Still gloaming warms in embered memory;
That fair haired child yet sails on boats of stone
And cruises fearless on the grassy leas
To glide once more through Edens he called home.
I look upon my grandson’s cherubic face
And smile at promise that does time engrace.

© Loubert S Suddaby. All Rights Reserved.

Sonnet 622

How dare men slander Shakespeare for his style
Alleging that he borrowed much he wrote;
Or placed his loves and patrons yet on trial
And even more, the wisdom that he quoth.
Greene criticized the rising ‘upstart crow’
In metaphors that he himself did steal,
Rank irony he thought the knockout blow
That there this giant stoop to bow and kneel.
Still even now that genius stands impugned
By louts that cloud the luster of his fame,
Avoiding linkage there, by fear consumed,
Embracing genres distant from his flame.
They could not hope to hold the hose he wore—
Much less the quill that scrived his timeless lore!

© Loubert S Suddaby.

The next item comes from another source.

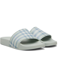 Rubber slides. · Open toe · Check pattern at vamp · Logo embossed at molded footbed · Treaded rubber sole Supplier color: Seafoam green Upper: rubber. Sole: rubber. Made in Italy 261376F124007
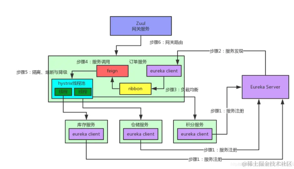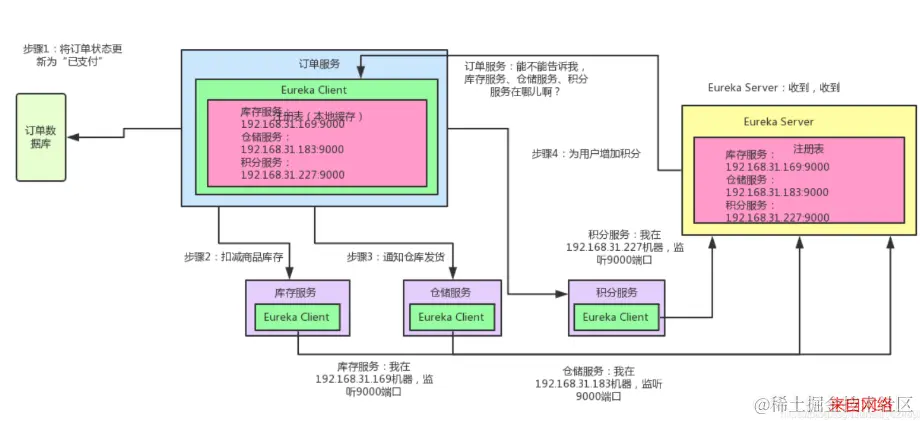 通过上面的Eureka,现在订单服务确实知道库存服务、积分服务、仓储服务在哪了

All Rights Reserved.

Sonnet 621

I write of love—for love alone most matters
Not only to the written but the read;
Words reft of rhyme oft seem prosaic chatter,
Where tepid ‘like’ stands proxy for love’s stead.
As arms embrace in manifested pleasure,
As souls commit in words that beckon tears,
As breast to breast so sways in dancing measure,
Shared joy and grief shall dissipate life’s fears.
So are we born unto a mother’s arms,
So to as lovers yet embrace again
And of proud union, sacred vows affirm
The harmony that heaven’s hope intends.
No greater truth yet blessed a listless earth,
For life devoid of love seems little worth.